Multilingual and code-switching ASR challenges for low resource Indian
languages
- URL: http://arxiv.org/abs/2104.00235v1
- Date: Thu, 1 Apr 2021 03:37:01 GMT
- Title: Multilingual and code-switching ASR challenges for low resource Indian
languages
- Authors: Anuj Diwan, Rakesh Vaideeswaran, Sanket Shah, Ankita Singh, Srinivasa
Raghavan, Shreya Khare, Vinit Unni, Saurabh Vyas, Akash Rajpuria, Chiranjeevi
Yarra, Ashish Mittal, Prasanta Kumar Ghosh, Preethi Jyothi, Kalika Bali,
Vivek Seshadri, Sunayana Sitaram, Samarth Bharadwaj, Jai Nanavati, Raoul
Nanavati, Karthik Sankaranarayanan, Tejaswi Seeram and Basil Abraham
- Abstract summary: We focus on building multilingual and code-switching ASR systems through two different subtasks related to a total of seven Indian languages.
We provide a total of 600 hours of transcribed speech data, comprising train and test sets, in these languages.
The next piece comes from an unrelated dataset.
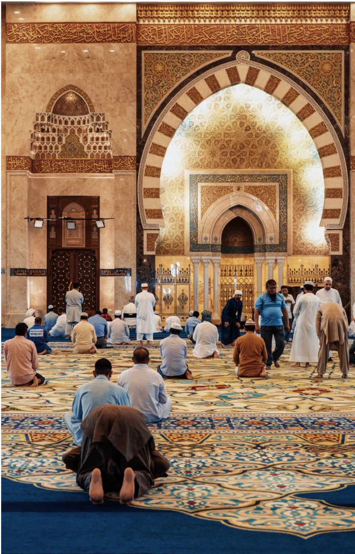
this means affirming the names and attributes of Allah and believing that there is none like unto Allah in His names and attributes.

We also provide a baseline recipe for both the tasks with a WER of 30.73% and 32.45% on the test sets of multilingual and code-switching subtasks, respectively.
- Score: 59.2906853285309
- License: http://creativecommons.org/licenses/by/4.0/
- Abstract: Recently, there is increasing interest in multilingual automatic speech
recognition (ASR) where a speech recognition system caters to multiple low
resource languages by taking advantage of low amounts of labeled corpora in
multiple languages. With multilingualism becoming common in today's world,
there has been increasing interest in code-switching ASR as well. In
code-switching, multiple languages are freely interchanged within a single
sentence or between sentences. The success of low-resource multilingual and
code-switching ASR often depends on the variety of languages in terms of their
acoustics, linguistic characteristics as well as the amount of data available
and how these are carefully considered in building the ASR system. In this
challenge, we would like to focus on building multilingual and code-switching
ASR systems through two different subtasks related to a total of seven Indian
languages, namely Hindi, Marathi, Odia, Tamil, Telugu, Gujarati and Bengali.
For this purpose, we provide a total of ~600 hours of transcribed speech data,
comprising train and test sets, in these languages including two code-switched
language pairs, Hindi-English and Bengali-English. We also provide a baseline
recipe for both the tasks with a WER of 30.73% and 32.45% on the test sets of
multilingual and code-switching subtasks, respectively.